Once we have the optimal Q-values for each state $s$ and action $a$, we simply find the policy for a state $\pi^*(s)$ by simply choosing the action with the highest Q-value.

Policy Iteration

The value iteration is costly, with a poor runtime of $O(\mid S \mid^2 \mid A \mid)$ . The policy as computed by policy extraction generally converges significantly faster than the values themselves. Hence, if all we want to determine is the optimal policy for MDP, the value iteration does a lot of overcomputation. Policy iteration is an alternative that fixes these flaws. First we define an initial policy (which can be arbitrary, but will converge faster the closer it is to eventual optimal policy). Then we repeat the following 2 steps until convergence.

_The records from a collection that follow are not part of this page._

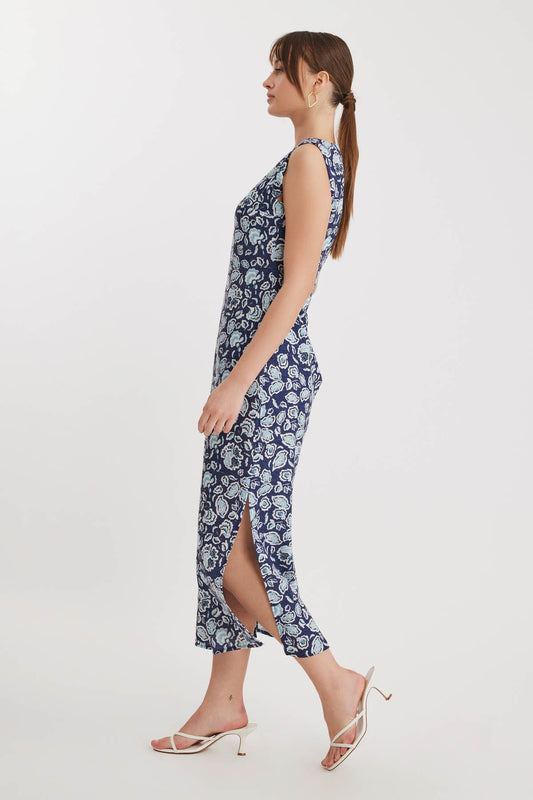 CLASSIC PATTERNED SIDE LONG DRESS WITH SPLIT
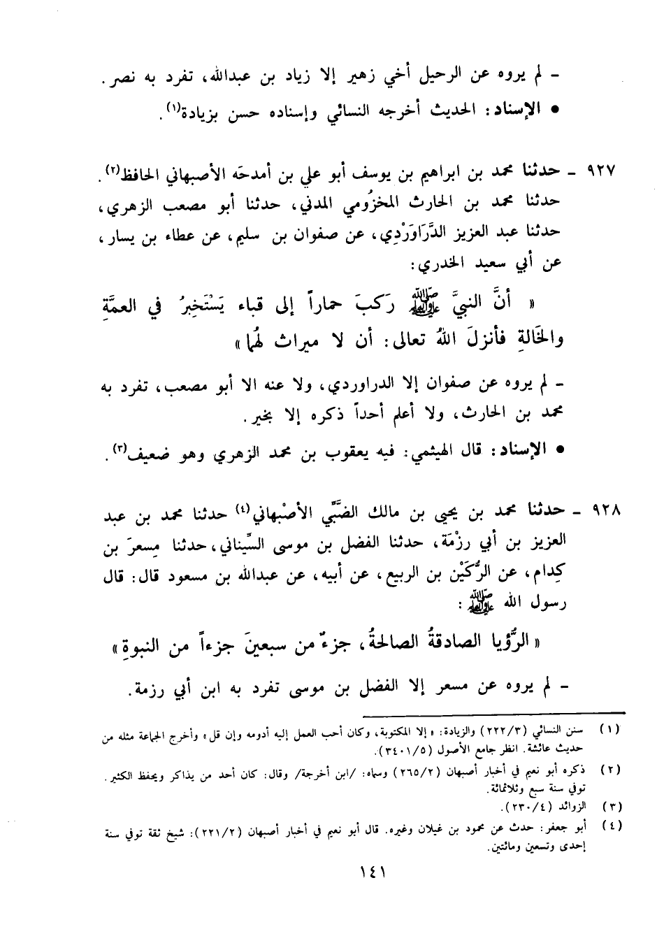 927 - حَدَّثَنَا مُحَمَّدُ بْنُ إِبْرَاهِيمَ بْنِ يُوسُفَ أَبُو عَلِيِّ بْنُ أَفْرَجَةَ الْأَصْبَهَانِيُّ الْحَافِظُ، حَدَّثَنَا مُحَمَّدُ بْنُ الْحَارِثِ الْمَخْزُومِيُّ الْمَدَنِيُّ، حَدَّثَنَا أَبُو مُصْعَبٍ الزُّهْرِيُّ، حَدَّثَنَا عَبْدُ الْعَزِيزِ بْنُ مُحَمَّدٍ الدَّرَاوَرْدِيُّ، عَنْ صَفْوَانَ بْنِ سُلَيْمٍ، عَنْ عَطَاءِ بْنِ يَسَارٍ، عَنْ أَبِي سَعِيدٍ الْخُدْرِيِّ: أَنَّ النَّبِيَّ صَلَّى اللَّهُ عَلَيْهِ وَآلِهِ وَسَلَّمَ رَكِبَ حِمَارًا إِلَى قُبَاءَ §يَسْتَخْبِرُ فِي الْعَمَّةِ وَالْخَالَةِ , فَأَنْزَلَ اللَّهُ تَعَالَى أَنْ «لَا مِيرَاثَ لَهُمَا» لَمْ يَرْوِهِ عَنْ صَفْوَانَ إِلَّا الدَّرَاوَرْدِيُّ , وَلَا عَنْهُ إِلَّا أَبُو مُصْعَبٍ تَفَرَّدَ بِهِ مُحَمَّدُ بْنُ الْحَارِثِ , وَلَا أَعْلَمُ أَحَدًا ذَكَرَهُ إِلَّا بِخَيْرٍ
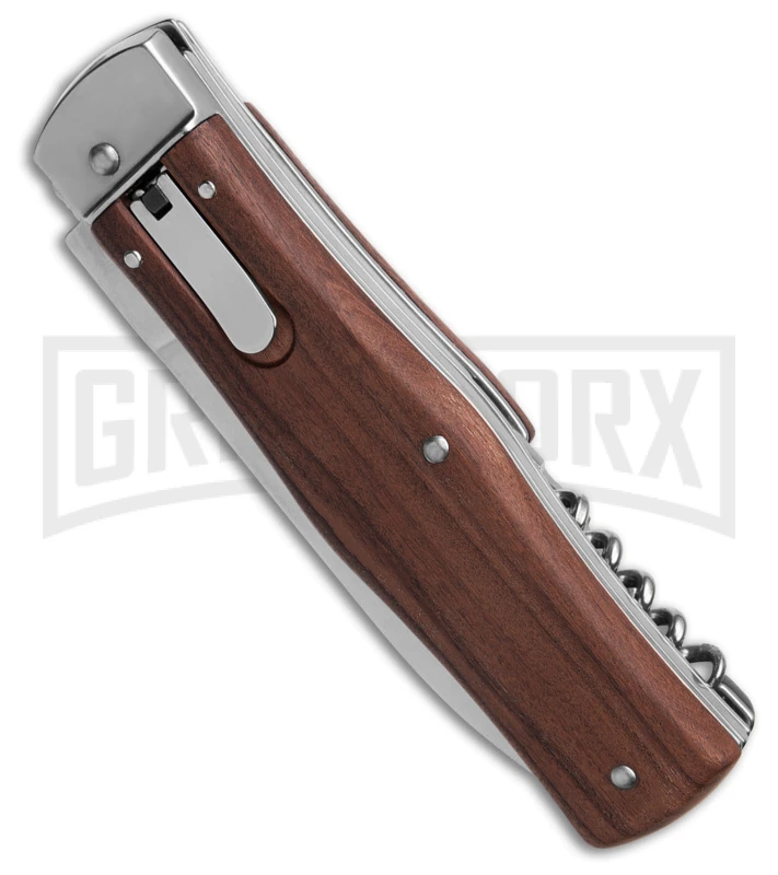 This Mikov Predator Multi-Tool has a satin dagger blade, a wood handle, a pocket clip, and an additional can opener, bottle opener (with flat head screwdriver), and cork screw.

  1. Evaluate the current policy with policy evaluation. Since we are fixing a single action for each state, we no longer need the $\max$ operator. Policy evaluation means computing $V^\pi(s)$ for all states $s$. Each $V^{\pi_i}(s)$ can be computed by following this system:
\[\pi: V^\pi(s) = \sum_{s'} T(s, \pi(s), s') \big[R(s, \pi(s), s') + \gamma V^\pi(s')\big]\]
  1. Once we have evaluated the current policy, we can use policy improvement to generate better policy. Policy improvement uses policy extraction on the values of states generated by policy evaluation to generate a new better policy at each iteration:
\[\pi_{i+1}(s) = \underset{a}{\arg\max}\ \sum_{s'} T(s, a, s') \big[R(s, a, s') + \gamma V^{\pi_i}(s')\big]\]

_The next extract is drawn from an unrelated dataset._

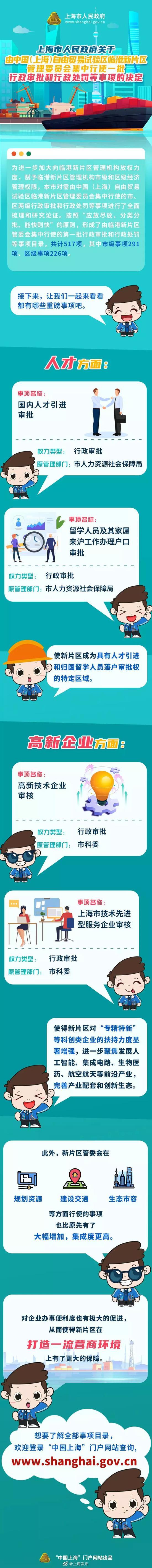 为进一步加大向临港新片区管理机构放权力度,赋予临港新片区管理机构市级和区级经济管理权限,本市对需由中国(上海)自由贸易试验区临港新片区管理委员会集中行使的市、区两级行政审批和行政处罚等事项进行了全面梳理和研究论证。按照“应放尽放、分类分批、能快则快”的原则,形成了由临港新片区管委会集中行使的第一批行政审批和行政处罚等事项目录,共计517项,其中市级事项291项,区级事项226项。包括了人才引进审批、高新技术企业审核等重磅事项。

Here again, if $\pi_{i+1} = \pi_i$ the algorithm has converged and we can conclude that $\pi_{i+1} = \pi_i = \pi^*$.

Summary

  • Value iteration: used to compute optimal values of states $S$ until convergence.
  • Policy evaluation: used to compute the values of states $S$ under a specific policy
  • Policy extraction: used to determine the policy $\pi$ given some state value function. If the state values are optimal the policy will also be optimal. Hence it is used after value iteration converges to compute the optimal policy from optimal state values. Alternatively, in policy iteration it is used to compute the best policy $\pi$ for currently estimated state values.
  • Policy iteration: Encapsulates both policy evaluation and policy extraction for iterative convergence to an optimal policy. Outperforms value iteration: policies converge faster than values of states.

References:

  1. (Berkeley AI).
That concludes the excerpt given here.